[Sean’s a member of the OpenEmbedded board, and former member of Yocto’s advisory board.]
This talk is for people who want to start with video on i.MX6 and hopefully avoid some of the issues they encountered during a service engagement for a customer in 2013. The project was about replacing an FPGA with a portable design on i.MX6.Process and display video from two independent sensors, output to either HDMI or OLED (800×600). 1 sensor 128×1024@60, the other 640×480@30. Output should be 30fps with <100ms latency. In addition to just pushing the video, some algorithmic processing was going to be implemented by the customer so the video pipeline should leave as much CPU as possible.
Hardware was not going to be available at the start of the project, so start development on SabreLite with some generic sensors. Lesson learned: make sure you have sufficient, because they’ll die.
i.MX6 has a 3D GPU and two IPUs for video processing. All of this already has software support. They expected to be able to use the IPU for format conversion and to transfer the data frames. Turns out that the selected sensors produced Bayer formats that are not supported by the IPU (though the TRM says it does), so the IPU was just a DMA engine. It did work great for resizing, but that needs to be allocated carefully to avoid resource congestion.
The Cortex-A9 has NEON. It’s tightly coupled, so putting something on the NEON stalls the rest of the processor. They expected to be able to do more computing in parallel.
Sensors were using well-defined interfaces (CSI). Expected to be straightforward to capture frames. However, since the format was not supported by the IPU, only raw mode could be used.
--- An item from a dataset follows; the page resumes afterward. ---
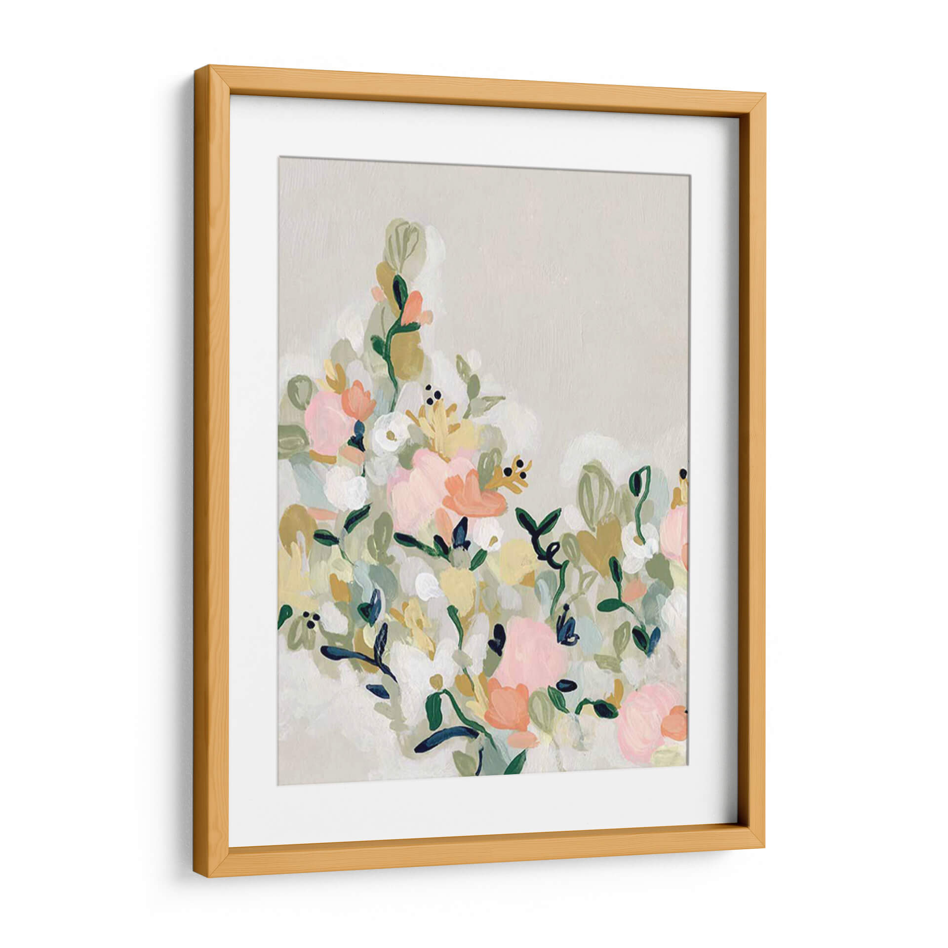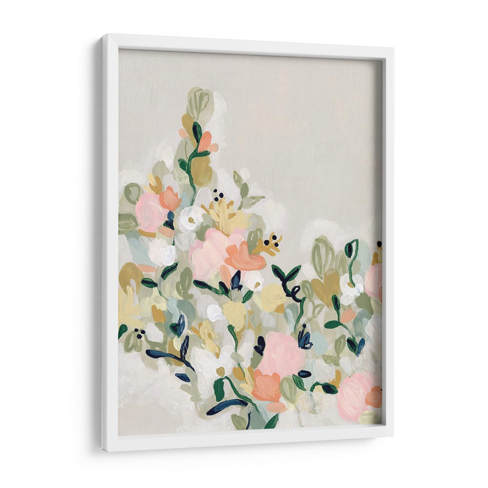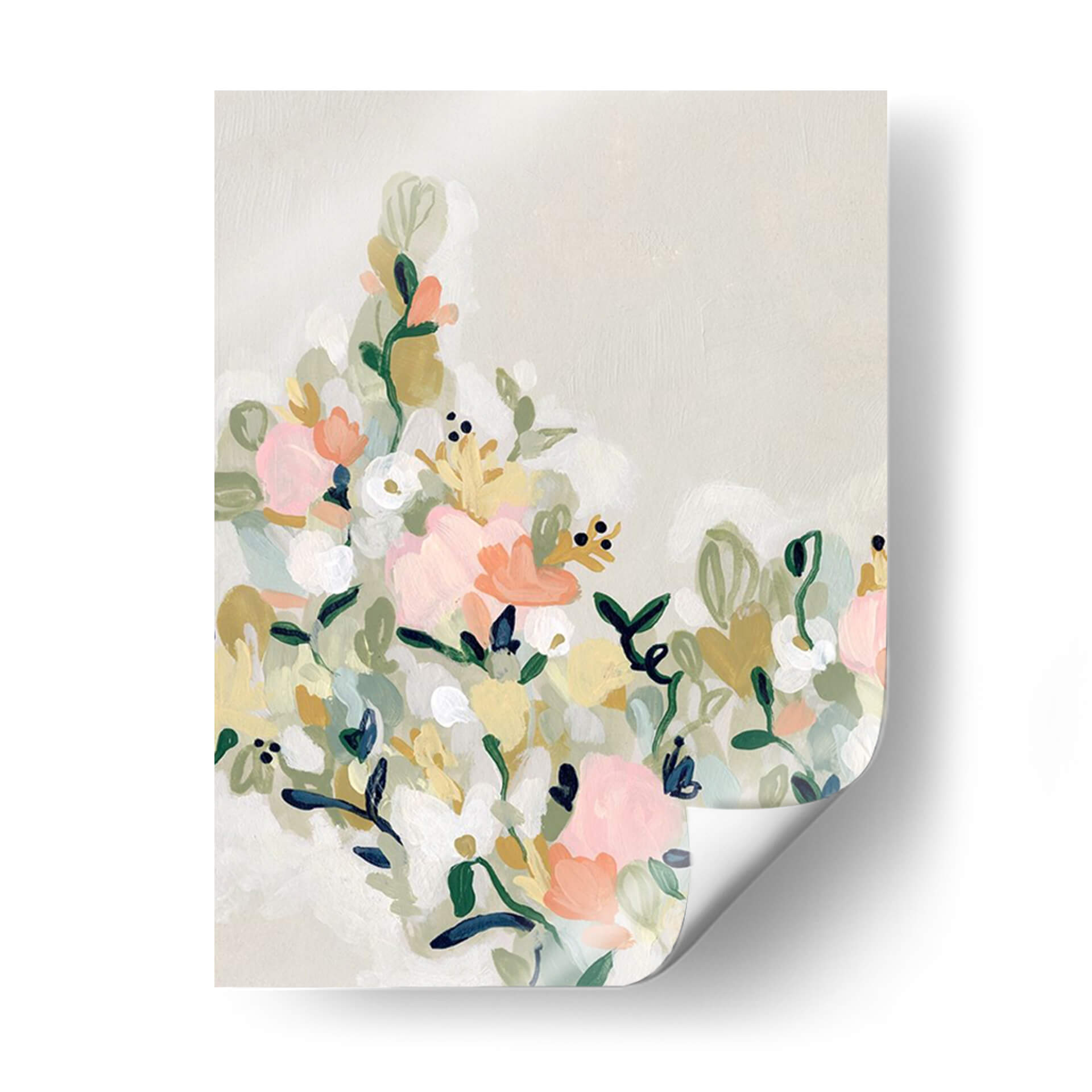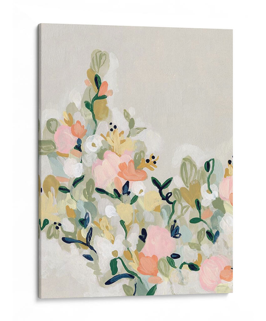 Sumérgete en la delicadeza y el encanto de "Floradores De Sonrojos Ii", una obra de arte contemporáneo que captura la esencia de un jardín en plena floración con un toque etéreo. La artista June Erica Vess nos presenta un lienzo donde pinceladas sueltas y orgánicas dan vida a un vibrante despliegue floral. Predominan los tonos pastel, con suaves rosas, melocotones y amarillos que se entrelazan con verdes botánicos y toques de blanco puro, creando una atmósfera de serenidad y alegría sutil. La composición, aunque densa en detalles, mantiene una ligereza visual gracias a su fondo neutro y las formas fluidas de las flores y hojas. Este cuadro decorativo es ideal para infundir calidez y un aire de frescura primaveral en cualquier estancia, desde una sala de estar moderna hasta un dormitorio acogedor o un estudio inspirador. Su estilo abstracto y expresivo permite que cada espectador interprete la belleza a su manera, convirtiéndola en una pieza única que dialoga con el espacio y la emoción. "Floradores De Sonrojos Ii" es más que una decoración; es una invitación a la contemplación y al disfrute de la belleza efímera de la naturaleza, aportando un toque de sofisticación y dulzura a tu hogar u oficina. Una pieza que evoca sentimientos de paz y optimismo, perfecta para quienes buscan arte que eleve el espíritu y embellezca su entorno con elegancia discreta.

The format conversion took a lot of work to get the performance OK. It also consumed a large amount of the latency, mainly because of data transfers.
They expected to be able to use the GPU for computation using OpenGL. So they tried to do the frame conversion on it. They did found a conversion algorithm for the Bayer BGGR format in the GLSL shader language, but the data transfer rates into the GPU were not high enough for the input frame rate. It took about seven weeks to convince the customer that it wasn’t going to be possible.
Freescale provides v4l drivers for the IPU. These include the DMA engine and resizing functionality. Kernel 3.0.35 and GST 0.10.36. The mfs_v4lsrc element provides entry into the gstreamer pipeline. The v4l drivers worked largely as expected, except for one scheduling bug. GStreamer was OK but they had to rewrite some plugins to improve performance. They also added CPU affinity to the queue element. The Freescale elements only work with DMA buffers for a very limited extend, you have to use them in exactly the prescribed way (or modify the plugin).